Dear Aunty Lisa,
I’m 13 years old. I know I’m young, I know I have years to become successful, but I stink at everything I do. I like writing but I’m crap at it.
I’m working on a book that I just know will never get published, not to mind the sequel. I love to dance but I don’t have the body and I’m not flexible enough to do it (I’ve been stretching for years and I just won’t become more flexible).
I like to read but sometimes I read too much. I don’t have any friends really because there are cliques in my area and because I’m an introvert among millions of social butterflies, I’m not in a clique.
I’m an academic failure, unlike my older sister who gets perfect straight A’s and is always winning awards at school. I play the piano, fiddle and tin whistle but I’m self-taught and don’t have the time to keep practicing every day, so I stink at those too.

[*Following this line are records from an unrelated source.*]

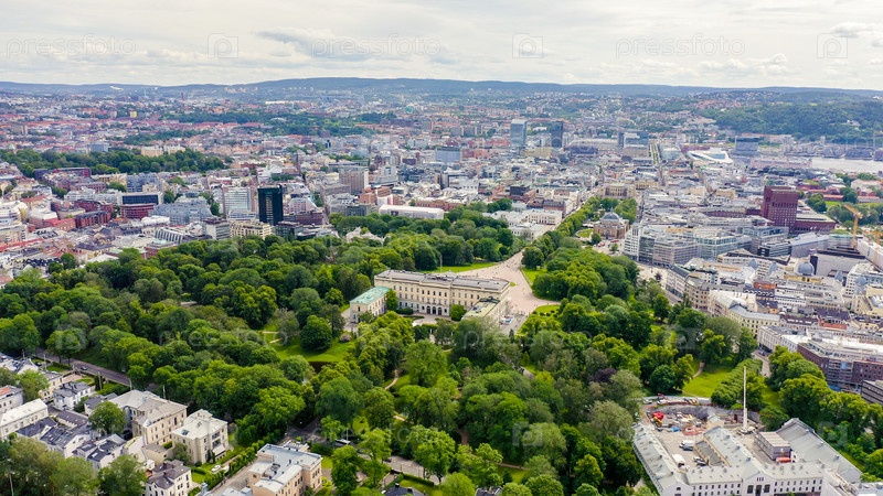 Осло, Норвегия. Королевский дворец. Слотсплассен. Дворцовый парк, От дрона
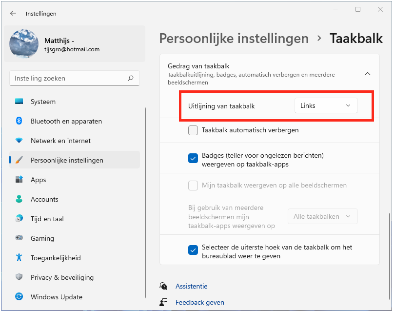 Windows 11 doe het zelf: Taakbalk en Start links in plaats van middenin
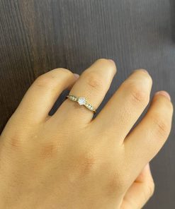 Seu design é composto por micro zircônias cravejadas que refletem a luz com intensidade, tornando-o perfeito para usar sozinho ou acompanhado de alianças e outros anéis.
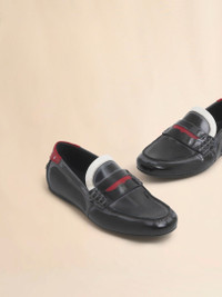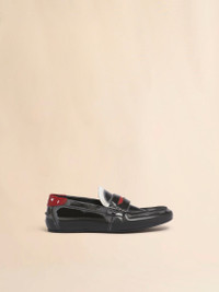 BLACK LEATHER MOCCASIN WITH LOGO TAB
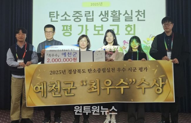 (원투원뉴스) 예천군은 19일 구미 호텔금오산에서 열린 ‘2025년 탄소중립실천 우수시군 평가보고회’에서 ‘최우수상’을 수상했다.
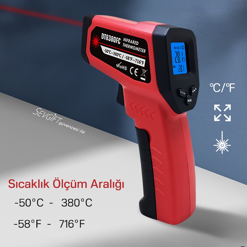 DT8380FC kızılötesi lazerli termometre; ergonomik tasarıma sahip, genel kullanıma hitap eden, -50°C ile +380°C dereceye kadar ölçüm yapabilen tek lazerli sıcaklık ölçüm cihazıdır.

I just feel so useless compared to famous people around my age like Maddie Ziegler (“the Sia girl”) or Chloe Lukasiak. I know they say you probably won’t experience major success in the first 15-20 years of your life but clearly that doesn’t go for everyone.
Not just the girls I mentioned, but for my sister (an amazing piano player and academic star) or my brother who got to go to America (we live in Ireland) to a basketball camp. I don’t know what to do, please help me?
I didn’t want to mention this, but I think I should just tell you, so that you understand what I really mean. 2 weeks ago I had sex with a girl next door, and she is already telling me that she is pregnant. Should I kill myself before my dad finds out because he will kill me after all.